ЛАБИРИНТ. ЖУРНАЛ СОЦИАЛЬНО-ГУМАНИТАРНЫХ ИССЛЕДОВАНИЙ №3, 2013 Места совести — места покаяния, метанойи. Катарсис, ремиссия, очищение — вот основные духовные функции этих мест. Уникальным в этом отношении является поле Армагеддон. Реальная битва Иисуса Навина с филистимлянами и апокалипсическая “последняя битва” Добра и зла делают это место одновременно существующим в реальном историческом мире и в виртуальном мире грядущего. Эта двойственность позволяет видному современному талмудисту Адину Штайнзальцу утверждать, что битва при Армагеддоне не прекращается и проходит через каждого человека, ответственного и за себя и за весь мир в победе Добра или зла каждую настоящую секунду существования.
Богом забытые места
Разумеется, далеко не все города и веси одухотворены.
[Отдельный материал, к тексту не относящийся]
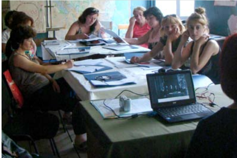
ტრენინგი პროექტ „ქალები, როგორც აქტორები ცვლილებებისა და გაძლიერებისათვის“ ფარგლებში შექმნილი 15 თვითდახმარების ჯგუფის წევრებისთვის გაიმართა.

პროექტის სამიზნე რეგიონებში შერჩეული თვითდახმარების ჯგუფების წარმომადგენლებმა ინფორმაცია მიიღეს საქართველოს ისტორიაში ქალთა უფლებების დაცვისთვის გადადგმულ ნაბიჯებზე, ქალთა დისკრიმინაციის ყველა ფორმის აღმოფხვრის კონვენციის შესახებ, ასევე განიხილეს დისკრიმინაციის სხვადასხვა ფორმები და მათი აღმოფხვრის გზები.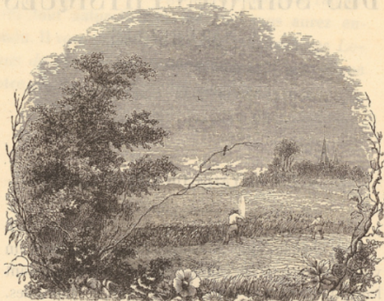
Le champ de blé.

sont en réalité bombées . Voilà pourquoi, en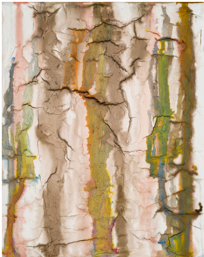
Tolantongo Series #1 2024 20 x 16 in.

Explorer le sens d'un 'jardin' pour la société est ce qui m'a motivé à produire une série qui se concentre sur les jardins anciens qui ont laissé une marque indélébile dans la société. Dans ma pratique artistique, j'utilise le plâtre et le béton comme mes principaux matériaux. À travers des méthodes d'application soigneuses, j'introduis des textures, des fissures et des imperfections dans mes peintures, leur donnant un caractère distinctif et une vitalité particulière. Ces manipulations délibérées des matériaux servent à évoquer le passage du temps, similaire au processus de vieillissement naturel observé dans les jardins historiques. En intégrant ces éléments tactiles dans mon travail, mon objectif est de susciter une réponse viscérale chez les spectateurs, les encourageant à contempler la riche histoire et la profonde signification des jardins à travers la civilisation humaine. Chaque fissure et texture dans les peintures sert de récit, suggérant la résilience et la beauté durable inhérentes à ces paysages intemporels.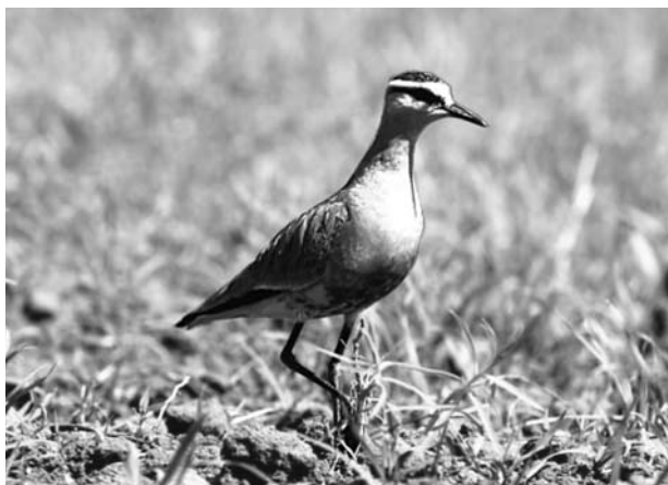
Кречетка (самка).

те. 30 видов занесены в Красные книги Российской Федерации и Оренбургской области, 11 из них относятся к видам, находящимся под глобальной угрозой, и включены в Красный список Международного союза охраны природы и природных ресурсов (это кудрявый пеликан, краснозобая казарка, пискулька, савка, белоглазый нырок, степной лунь, орлан-белохвост, степная пустельга, стрепет, кречетка, степная тиркушка). Уникальна колония кудрявого пеликана из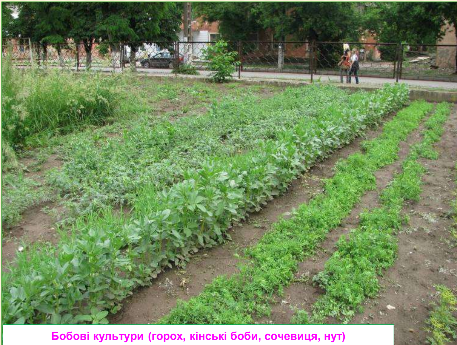
Бобові культури (горох, кінські боби, сочевиця, нут)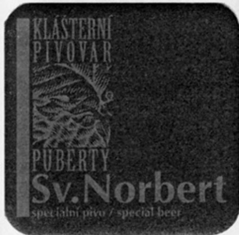
RUS-СПб (Puberty) 1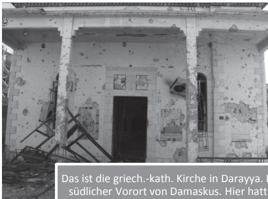
Das ist die griech.-kath. Kirche in Darayya. Ein südlicher Vorort von Damaskus. Hier hatte Paulus seine Offenbarung.

Zu den im Irak und Syrien niedergelassenen verfolgten Christen zählen bereits die Armenier, die 1915 dem Genozid in ihrer Heimat entronnen sind. Sie hatten bis vor fünfzehn Jahren eine stattliche, meist begüterte und einflussreiche Größe dargestellt. 1948/49 und 1967 folgten christliche Flüchtlinge aus dem Staat Israel, die in von der UN unterhaltenen Flüchtlingslagern wohnen. Nach dem Sturz Saddam Husseins im Jahr 2003 flohen viele Christen aus dem Irak nach Nordsyrien, um dort eine sichere Heimat zu finden. Seit 2011 migrieren alle, Armenier, christliche Iraker und Palästinenser, in fernere Anrainerstaaten.

В монотонной структуре абсолютного большинства американских городов независимо от их размеров и функций — даунтаун, мотор-сити, шопинг-центр, чайнатаун, оздоровительный комплекс, малоэтажная селитьба (и в каждом городе — одна и та же инфраструктура, складывающаяся из сетевых бизнесов: Макдональдс и прочие fast food, бензозаправки, авторемонт и торговля автомобилями, торговые плазы сетевых магазиновмонстров, придорожные мотели и отели, банки, аэродромы с аэропортами, церкви протестантских конфессий, прачечные), все это пронизано иерархированной дорожно-уличной сетью, а церкви, независимо от рода конфессии, выполняют социальные клубно-семейные функции и не несут на себе печати и отголоска святости и гениальности места. Здесь нет места «гению места» — не до него было при освоении, тем более уж не до него сейчас, а индейских «гениев места» истребили вместе с индейцами. По совсем другим причинам нет «гения места» и в большинстве советских или осовеченных городов, отличающихся не менее удручающей монотонностью инфраструктуры (соборно-партийная площадь с «белым домом» и памятником вождю, промзона, барачная и полубарачная селитьба типа «черемушек», гарнизон, запретка) — здесь властвует демонический дух войны, ГУЛАГа, разрушений и страданий. В Богом забытых местах одинаково скучно и тоскливо — будь то ПошехоноВолодарск, Курьяново в Москве или Рассел, затонувший в канзасских подсолнухах. По большей части подобного рода места утомляют однообразием топонимов. Здесь уместно сослаться на статью П. Ильина о советских топонимах, а также напомнить, что только в одной Калифорнии имеется несколько городов под названием Марина, по всем США разбросаны Bunker Hill, Одессы и прочие калиброванные названия.
92
93
ЛАБИРИНТ. ЖУРНАЛ СОЦИАЛЬНО-ГУМАНИТАРНЫХ ИССЛЕДОВАНИЙ №3, 2013 «Гений места», «совесть места», «демон места», конечно, оставляют свои следы и
отметины на земле, но имеют духовный, а потому, по выражению Г. Костинского1, «вертикальный» характер. Здесь, в мифах, истории, легендах, эсхатологических ожиданиях и пророчествах, и следует их искать, образно говоря, совершать вертикальные путешествия, экспедиции и исследования, а не елозить по поверхности.
Виртуальные места
Наконец, существуют «виртуальные места и города», осененные «гением места», но не реализованные или даже не предназначенные для реализации. Таков «Новый Иерусалим, новое море и новая земля» в Апокалипсисе Иоанна Богослова, таково Беловодье Рериха, Касталия Германа Гессе, Утопия Томаса Мора. Хоббитания Толкиена, Страна Оз Фрэнка Баума, Зурбаган и Лисс Александра Грина и другие миры. Как и мнимые числа относительно натуральных, виртуальные страны, города и местности, представляют собой множество, на порядок большее, чем реальные населенные места.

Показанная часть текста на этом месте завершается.